The damage doesn’t look the same as it used to.

I laugh, I read, I call friends to meet up. I put on my red lipstick and attack, like Coco would advise.

I cook tofu things, I keep up my Instagram. I clean the bathtub.

 

The damage has different outfits, it seems.

I have changed, maybe more than I had realized. Maybe much less in parts of me that I would have liked to have shed completely.

But I still sleep 12 hours or none at all. I still crowd my bed with clothes and sheets of paper. I still hang on threads, always hoping for them to grow stronger on their own, or fall apart completely. My limbs are still heavy with anxiety. I still have dreams of realities much harsher than mine, but that feel quite similar. You know those nightmares in which you want to walk, or run, or stand up, and your limbs don’t move? You gotta wake up. WAKE UP. Stand up. Please.

 

And I have read a lot of books.

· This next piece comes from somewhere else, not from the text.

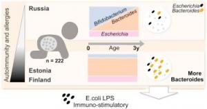 bactérienne, connus pour leur capacité à déclencher le système immunitaire suivent des processus différents selon les microbiomes. Ainsi lorsqu'il s'agit de microbiomes d'enfants russes, ce sont les LPS d'E. coli qui mènent la charge, mais dans les microbiomes finlandais et estoniens, ce sont les LPS des Bacteroides qui règnent en maîtres. Certains LPS s'avèrent même incapables d'activer le système immunitaire et vont même étouffer les LPS d'autres bactéries du microbiote.

Bookmarked in my head are all the recipes, all the pharmacies available, all the 10-step guides. I hoped I would never need them but somehow I knew I would some day. The problem with books is they don’t do it for you. They have the map to get out but what if your legs are broken, what if you are? How do you get anywhere then?

These damages seem new to the neighborhood, but their luggage has been here forever.

Hello again. I wasn’t expecting you.